OCR for PDF in Ubuntu
By admin | July 8, 2008
To get OCR in Ubuntu, you need to use the Open-Source Tesseract OCR engine. However, it can only perform OCR on the TIFF format. In order to allow it to do PDF, we also need the Evince PDF reader to allow us to export a page to TIFF to feed Tesseract with.

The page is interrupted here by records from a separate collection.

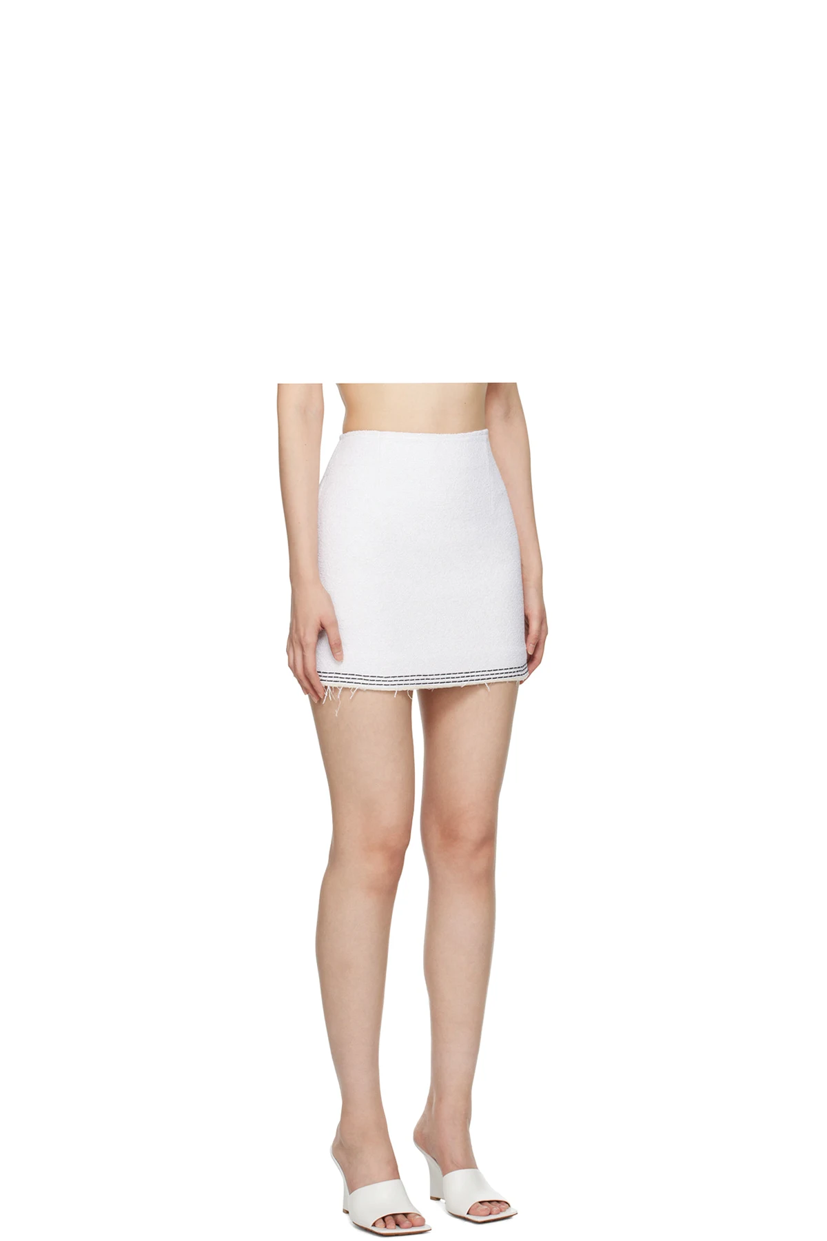 Cotton-blend tweed skirt. Embroidered trim and fringe detailing throughout.
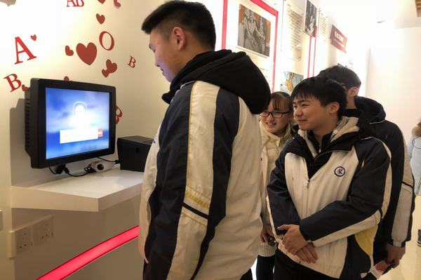 来到参观地点,扬州市中心血站袁青松科长热情地接待了参观人员,并详细介绍了本次参观的具体流程。在科普教育基地参观时,讲解员向大家介绍了无偿献血科普馆和血站展示馆2个区域34个版块,全面介绍了血液的生理知识和献血常识以及无偿献血中的先进人物和典型事迹。在展馆中,同学们体验了多种互动项目,如“血型遗传”、“人体血液循环”、“献血知识问答”、“爱心冲冲冲”等,这些活动以趣味生动、深入浅出的方式辅以多媒体高科技手段让人耳目一新。最后,大家在爱心留言墙上留下了足迹。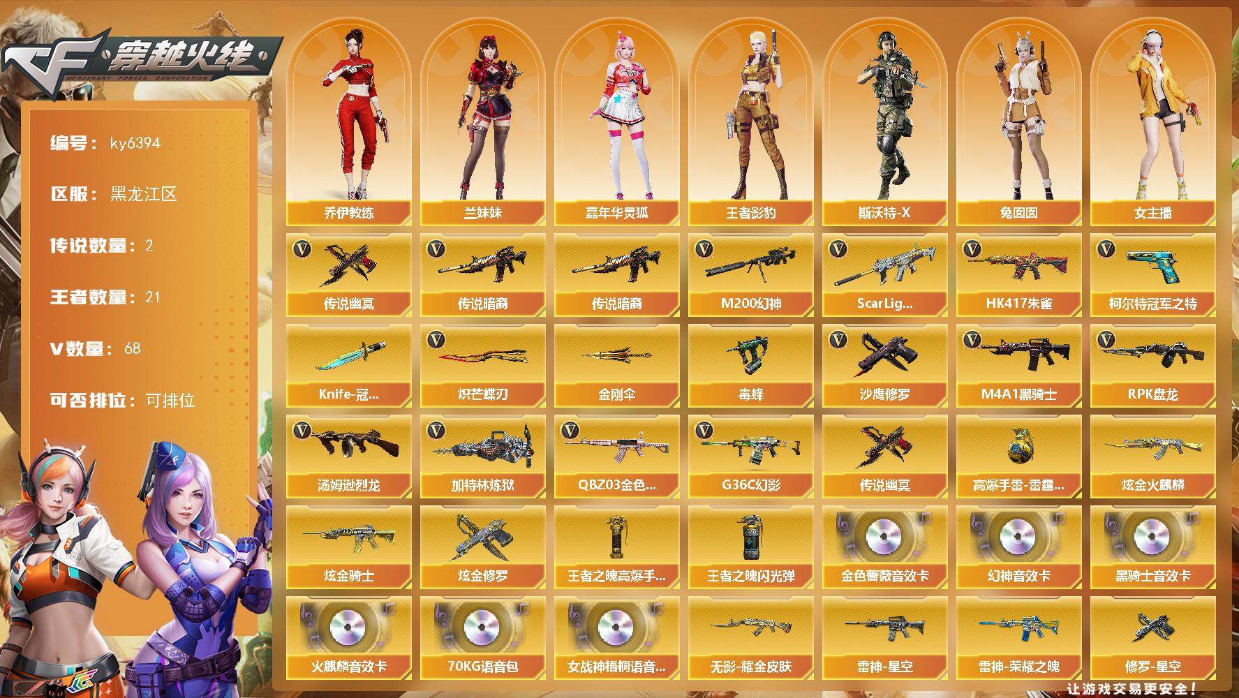 [17779286]【ky6394】黑龙江区-87V-21王者武器数-5炫金武器数 【传说武器】:传说暗裔,传说幽冥 【传说角色】:传说影煞 【热门武器】:传说暗裔,传说幽冥,G36C-幻影,QBZ03-金色蔷薇,Scar Light-白虎,HK417-朱雀,M200-幻神,柯尔特-冠军之特,毒蜂,M4A1-黑骑士,汤姆逊-烈龙*5,RPK-盘龙*5,加特林-炼狱,沙鹰-修罗*3,Knife-冠军之刃,炽芒蝶刃,金刚伞 【王者炫金武器】:王者之魄高爆手雷*3,王者之魄闪光弹,高爆手雷-雷霆王者,炫金火麒麟,炫金骑士,炫金修罗*3 【音效卡】:M200-幻神音效卡,AK47-火麒麟音效卡,M4A1-黑骑士音效卡,QBZ03-金色蔷薇音效卡,70KG语音包,女战神梧桐语音包 【皮肤】:幻神-巅峰荣耀,白虎-霓虹机甲 皮肤,白虎-虎啸皮肤,雷神-荣耀之魄,雷神-星空,M4A1-雷神-CFS 2019,雷神-虎将,火麒麟-华夏之心,火麒麟-平天大圣,火麒麟-盘古,火麒麟-心动糖果,毁灭-冠军之怒,毁灭-黑大圣皮肤,毁灭-风暴,毁灭-直播专属,毁灭-英雄计划 皮肤,M4A1-千变-孔明皮肤,黑骑士-冠军之势,黑骑士-伏羲,无影耀金皮肤,无影-神兵利器 皮肤,修罗-星空 【角色】:葵,炫,雨棠,荒漠琉璃,王者-瞳-闭月羞花,王者影豹,王者沙漠玫瑰,乔伊教练,修道士,暗夜-X,风暴女,嘉年华灵狐,卡塔琳娜,兰-海滩派对,兰妹妹,灵动武士,灵狐者-职业经理,曼陀罗-X,曼陀罗-礼服,女主播,潘多拉-X,潘多拉-甜心教官,斯沃特-X,蜀雪,兔囡囡,影武者-X 【人偶武器】:迷你宝贝,巴雷特-零-水下丽影,AWM-灵狐-15周年嘉年华,COP-旗袍,黄金迷你深渊冰龙,生化手雷-机甲核心,灵狐娃娃手雷 【暴走生化】:毒蜂,黑龙吞噬者,超级对讲机 【挑战大师】:火狱乱世-超越Max,神圣爆裂者III,冰龙粉碎者-白马银枪,激光毁灭者III-白马银枪*2,试炼破坏者III,KAC-圣炎切割者III 【英雄级武器】:M4A1-千变,AK47-火麒麟*2,M4A1-雷神,M4A1-黑骑士,AK47-无影,M4A1-死神,AK12-天启,AN94-超新星,AK47-机械迷城,AK47-黑鲨,HK417-朱雀,Scar Light-白虎,QBZ03-天罚,无影-神兵利器,G36C-幻影,黑武士-锦绣游龙,QBZ03-

Install tesseract in Ubuntu:
$ sudo apt-get install tesseract-ocr
Now, get the TIFF from Evince; Right click the page and click “Save image as…” and export the file. Then, to get a good OCR we need to convert it to monochrome.
$ tesseract foo.tif bar
Unable to load unicharset file /usr/share/tesseract-ocr/tessdata/eng.unicharset
If the above bug happens, fix it by:
$ sudo apt-get install tesseract-ocr-eng
This is caused by a nasty bug in Ubuntu.
And now finally, do:
$ tesseract foo.tif bar# and without the .txt extension, or you will end up with bar.txt.txt
to complete it!
If you found this article helpful or interesting, please help Compdigitec spread the word. Don’t forget to subscribe to Compdigitec Labs for more useful and interesting articles!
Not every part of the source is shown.